## What the exercise asks:
Each line below should be repeated exactly, but no picture should be carried over.

## Data shown:

Start of Block

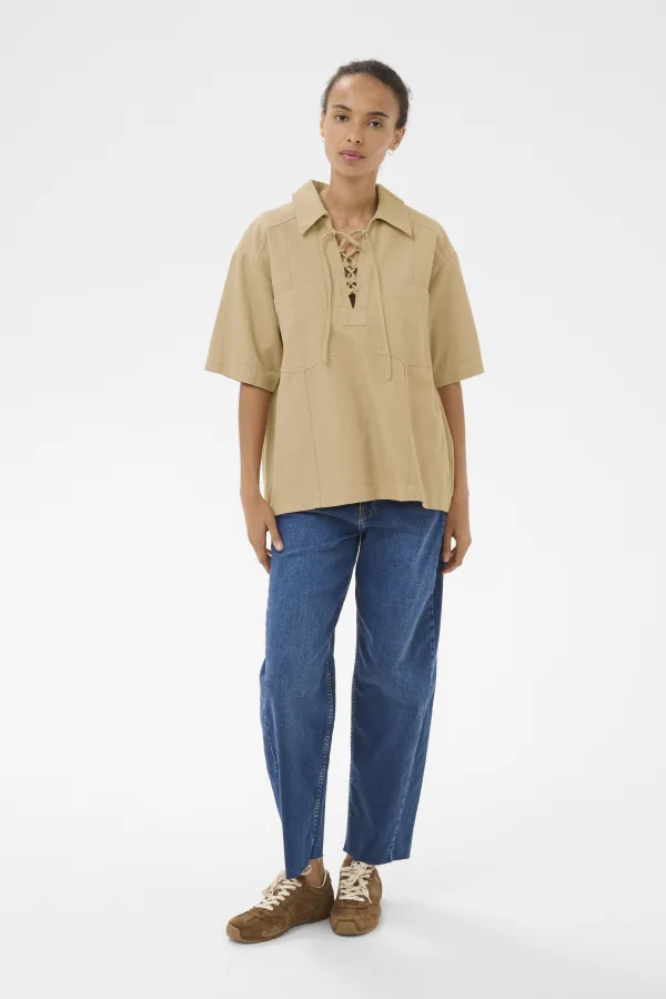 Overhemd met korte mouwen, rechte pasvorm en vetersluiting in de V-hals. Zichtbare naden, grote borstzakken en zachte textuur.
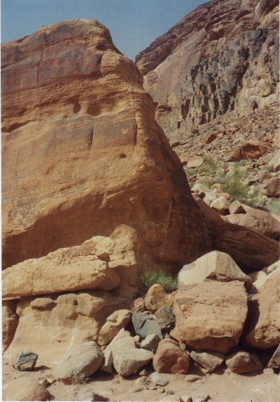 ![]() Very near the previous picture. Evidence that people stayed here is carved into the rock in the form of someone's family history. |
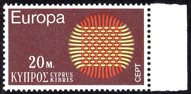 In Zypern erschienen die Europamarken 1970 am 4. Mai 1970. Hier eine Marke zu 20 Mills mit dem Gemeinschaftsmotiv "Flechtwerk als Sonnensymbol", die in einer Auflage von 648 163 Stück erschien.
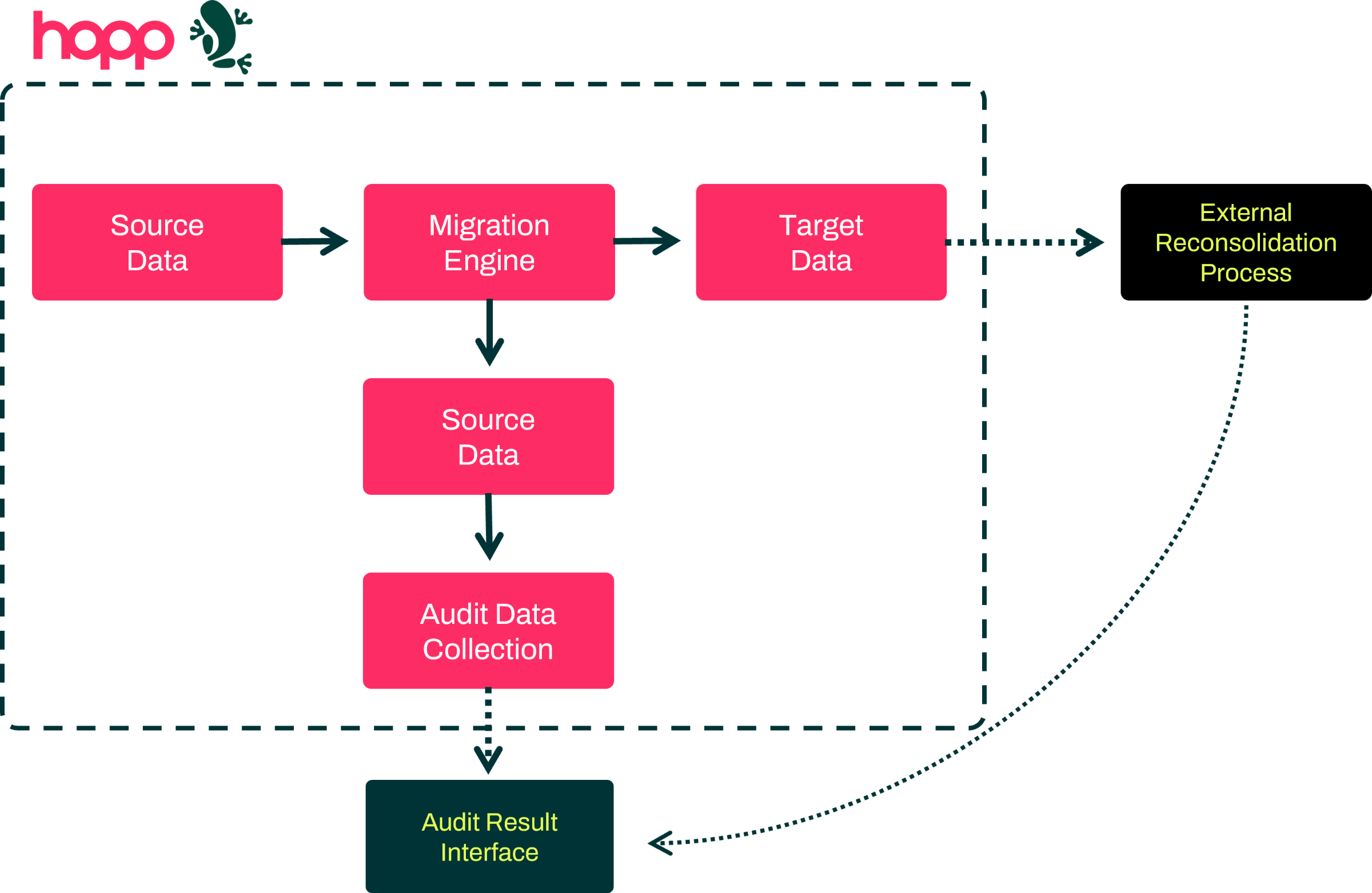 The diagram shows Hopp’s audit and reconciliation process: Source Data flows through the Migration Engine to Target Data. Audit Data Collection occurs during migration and feeds into the Audit Results Interface.

End of Block

## Answer to this task:
 Overhemd met korte mouwen, rechte pasvorm en vetersluiting in de V-hals. Zichtbare naden, grote borstzakken en zachte textuur.
 ![]() Very near the previous picture. Evidence that people stayed here is carved into the rock in the form of someone's family history. |
 In Zypern erschienen die Europamarken 1970 am 4. Mai 1970. Hier eine Marke zu 20 Mills mit dem Gemeinschaftsmotiv "Flechtwerk als Sonnensymbol", die in einer Auflage von 648 163 Stück erschien.
 The diagram shows Hopp’s audit and reconciliation process: Source Data flows through the Migration Engine to Target Data. Audit Data Collection occurs during migration and feeds into the Audit Results Interface.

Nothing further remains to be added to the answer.